Records shown below:
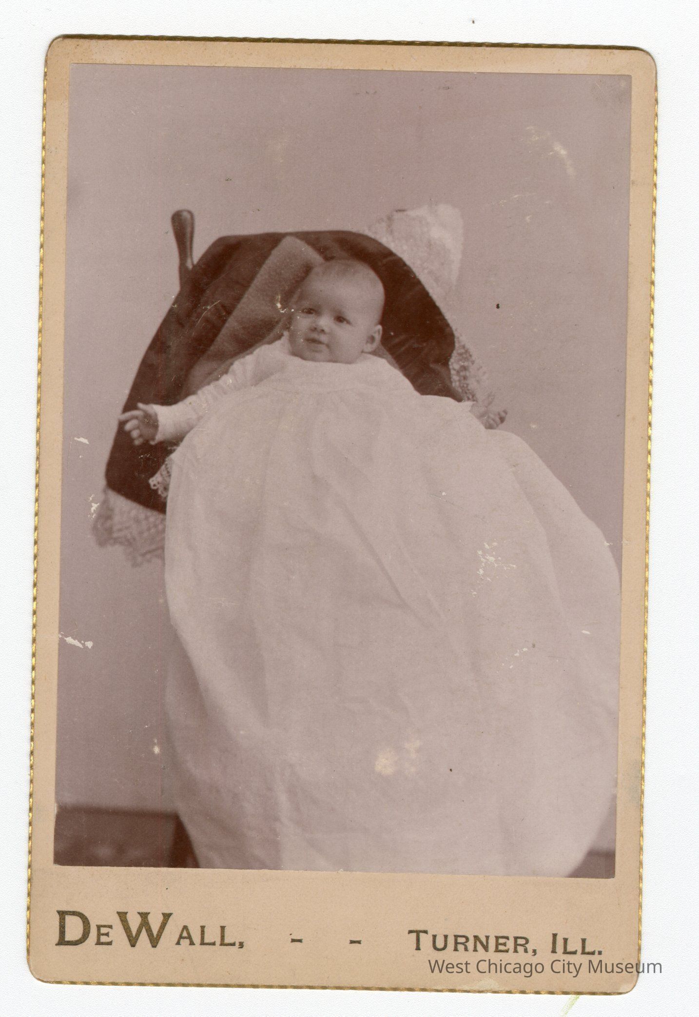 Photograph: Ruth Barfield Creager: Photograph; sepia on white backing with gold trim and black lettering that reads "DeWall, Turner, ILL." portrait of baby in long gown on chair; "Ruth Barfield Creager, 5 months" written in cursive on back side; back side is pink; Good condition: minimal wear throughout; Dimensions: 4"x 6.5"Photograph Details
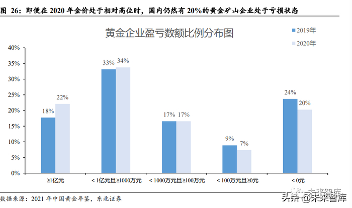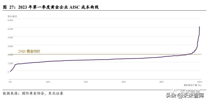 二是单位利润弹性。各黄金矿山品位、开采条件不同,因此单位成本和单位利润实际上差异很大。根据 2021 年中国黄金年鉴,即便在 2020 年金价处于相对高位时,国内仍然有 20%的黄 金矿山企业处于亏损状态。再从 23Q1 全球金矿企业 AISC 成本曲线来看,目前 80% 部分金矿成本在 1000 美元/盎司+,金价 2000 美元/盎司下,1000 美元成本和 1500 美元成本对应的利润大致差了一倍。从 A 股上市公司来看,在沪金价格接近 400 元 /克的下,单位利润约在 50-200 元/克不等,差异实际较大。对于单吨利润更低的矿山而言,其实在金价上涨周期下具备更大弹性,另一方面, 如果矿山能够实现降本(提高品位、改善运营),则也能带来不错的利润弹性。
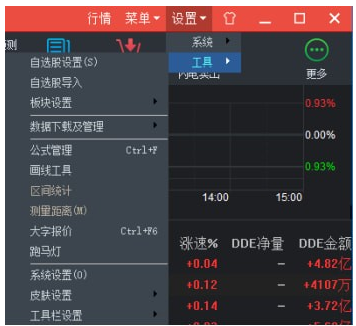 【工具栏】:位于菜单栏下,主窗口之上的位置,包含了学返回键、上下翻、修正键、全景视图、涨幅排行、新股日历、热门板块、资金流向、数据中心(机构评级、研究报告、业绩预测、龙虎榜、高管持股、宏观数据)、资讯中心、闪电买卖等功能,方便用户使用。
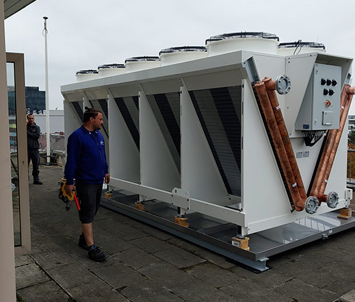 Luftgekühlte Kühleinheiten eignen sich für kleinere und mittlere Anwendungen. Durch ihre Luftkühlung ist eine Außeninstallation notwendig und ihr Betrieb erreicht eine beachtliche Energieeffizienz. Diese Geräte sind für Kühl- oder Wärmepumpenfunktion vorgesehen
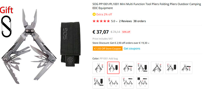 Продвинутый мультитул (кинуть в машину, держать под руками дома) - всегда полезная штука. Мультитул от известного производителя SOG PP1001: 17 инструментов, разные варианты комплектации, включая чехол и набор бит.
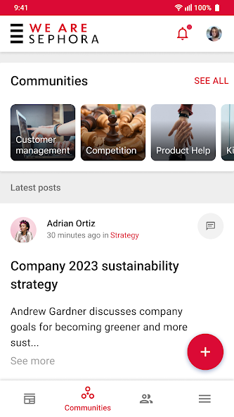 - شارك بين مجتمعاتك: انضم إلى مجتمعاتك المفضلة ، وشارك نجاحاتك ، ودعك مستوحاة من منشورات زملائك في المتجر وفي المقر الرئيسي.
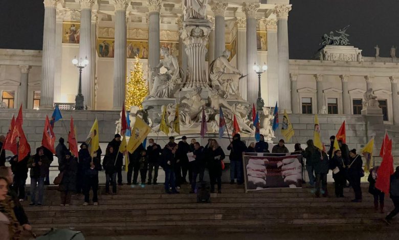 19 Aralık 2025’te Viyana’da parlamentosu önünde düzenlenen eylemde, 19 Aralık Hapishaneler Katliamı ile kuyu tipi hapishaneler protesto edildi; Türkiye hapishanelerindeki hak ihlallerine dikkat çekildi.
End of Records shown.
What is needed is an exact retyping of the lines from the start of the data through the line with "二是单位利润弹性。各黄金矿山品位、开采条件不同,因此单位成本和单位利润实际上差异很大。根据 2021 年中国黄金年鉴,即便在", with both end lines kept and every picture left out.

> Result
 Photograph: Ruth Barfield Creager: Photograph; sepia on white backing with gold trim and black lettering that reads "DeWall, Turner, ILL." portrait of baby in long gown on chair; "Ruth Barfield Creager, 5 months" written in cursive on back side; back side is pink; Good condition: minimal wear throughout; Dimensions: 4"x 6.5"Photograph Details
 二是单位利润弹性。各黄金矿山品位、开采条件不同,因此单位成本和单位利润实际上差异很大。根据 2021 年中国黄金年鉴,即便在 2020 年金价处于相对高位时,国内仍然有 20%的黄 金矿山企业处于亏损状态。再从 23Q1 全球金矿企业 AISC 成本曲线来看,目前 80% 部分金矿成本在 1000 美元/盎司+,金价 2000 美元/盎司下,1000 美元成本和 1500 美元成本对应的利润大致差了一倍。从 A 股上市公司来看,在沪金价格接近 400 元 /克的下,单位利润约在 50-200 元/克不等,差异实际较大。对于单吨利润更低的矿山而言,其实在金价上涨周期下具备更大弹性,另一方面, 如果矿山能够实现降本(提高品位、改善运营),则也能带来不错的利润弹性。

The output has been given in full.